We sang “American Pie” and walked the promenade along the beach, talking, walking and talking. A man rode wheelies on his bicycle, small bats fluttered, a little boat paralleled us in the sea. Lovers walked arm in arm, mother and son held each other, the sky blackened. We walked so that I wished our time wouldn’t end. We walked until I wished we could stop. I thought about first feeling trepidation at walking in the opposite direction from the apartment. Now having walked three times the distance I felt tired and healthy, robust and European, knowing that we would circle to the apartment easily, that in the U.S. we would have hired a cab, hopped in a car or just turned around sooner.
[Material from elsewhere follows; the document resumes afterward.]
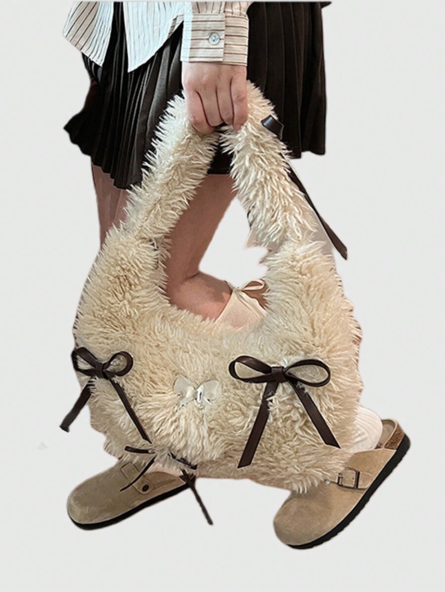 Kawaii حقيبة كتف مخملية ذات فيونكة جميلة وحلوة، حقيبة كاجوال ريترو للخريف/الشتاء

We talked about our grandfathers, gay Tel Aviv, and why certain parts of the beach weren’t posh anymore, why clubs had fallen off and how private investors made certain areas difficult to renovate. We walked past David Ben-Gurion’s house, and Yoni said that the entire street has wi-fi. I added, “Most of this country does. Not even New York has free wi-fi like this.” We went to a grocery store, noted the stray dogs and bought Lisa chocolate. Close to home my legs ached and I wanted to take off my shoes and sit on the couch. When I walked up the three flights, drank some water, and plopped on the couch it was nearly seven. What a day, I sighed, and looked at the ceiling.